By Danny Tyree
Folks, “last one in is a rotten egg” applies to more than swimming pools.
If you share sleeping quarters with a spouse or Significant Other, I urge you to expedite the toothbrushing process, throw on your PJs or nightie with breakneck speed and be the first person under the sheet.
Because the first one in bed apparently has dibs on The Paranormal Pillow.
I call it The Paranormal Pillow because it sounds classier than Memory Foam on Steroids. If one partner stays up late doing chores or checking social media, when they finally drag their weary carcass to bed, the pillow magically stimulates the early-to-bed partner to remember all sorts of Questions That They Should Have Thought of Earlier.
“Did you remember to put out the cat? Did you remember to lower the thermostat? Did you remember to plug my phone into the charger? Did you remember to pay the Visa bill before midnight? Did you remember to leave the flag up on the mailbox at our weekend cottage?”
If you don’t relish abruptly shifting your sleeping accommodations to the doghouse, you’d darned well better also remember the Alamo, the Maine and Pearl Harbor.
And at least try to remember the kind of September when life was slow and oh, so mellow.
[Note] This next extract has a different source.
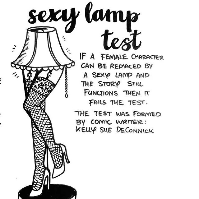 2012年由漫画家凯莉·苏·迪柯尼可(Kelly Sue DeConnick)提出了一个“性感台灯测试”,概括起来很简单,将作品中的女性形象替换成一个性感台灯,如果对于剧情推进没有影响,那么证明这个女性形象的塑造是失败的。

If you are unsure of any of your answers, don’t expect to witness a sudden burst of volunteerism. It’s up to the late arrival to double-check and triple-check everything. This is the philosophy preached by today’s military thinktanks. (“I’m so nice and cozy in this foxhole. Since you’re already up, would you be a dear and go scouting for enemy combatants?”)
The deluxe model of The Paranormal Pillow is the gift that keeps on giving. The proud owner is suddenly “wired” with all sorts of additional urgent remembrances, none of which are as stimulating as traditional “pillow talk.”
(“Oh, I forgot to tell you that I ran into one of my old classmates whom you never met. I will describe in detail the photos of all their grandchildren/muscle cars/gastrointestinal abnormalities.”)
Alas, The Paranormal Pillow does not work equally well on all portions of the brain. (“Are you sure I snored last night? I don’t remember any such thing. Now go get the coffee maker ready for tomorrow and maybe when you get back, we can…ZZZZZZZZ…”)
I wish we knew if The Paranormal Pillow could help dementia patients, but research has been thwarted for years. Policymakers with vested interests are terrified of patients having their memories restored. (“Hey, I suddenly remember each and every one of the lying politicians who promised they were going to fix Social Security and Medicare!”)
Oh, here’s the perfect outside-the-home use of The Paranormal Pillow! We could mandate them for witnesses testifying before congressional committees.
You know, the hacks who always stammer, “I don’t recall. Not to my recollection. Doesn’t ring a bell” about everything from clandestine meetings to “How did you get here today?”
The Paranormal Pillow would soon have these jokers babbling, “Oh, the bribe? Yeah, Ben Franklin’s left eyebrow was slightly frayed on the 17th bill the 5-foot-9 guy with the slight North Dakota accent handed me at 9:14 that evening….”
Not that my musings would put you to sleep, but sweet dreams, everyone.
“Sweet dreams? Since you’re still up anyway, could you alphabetize my Patsy Cline collection?”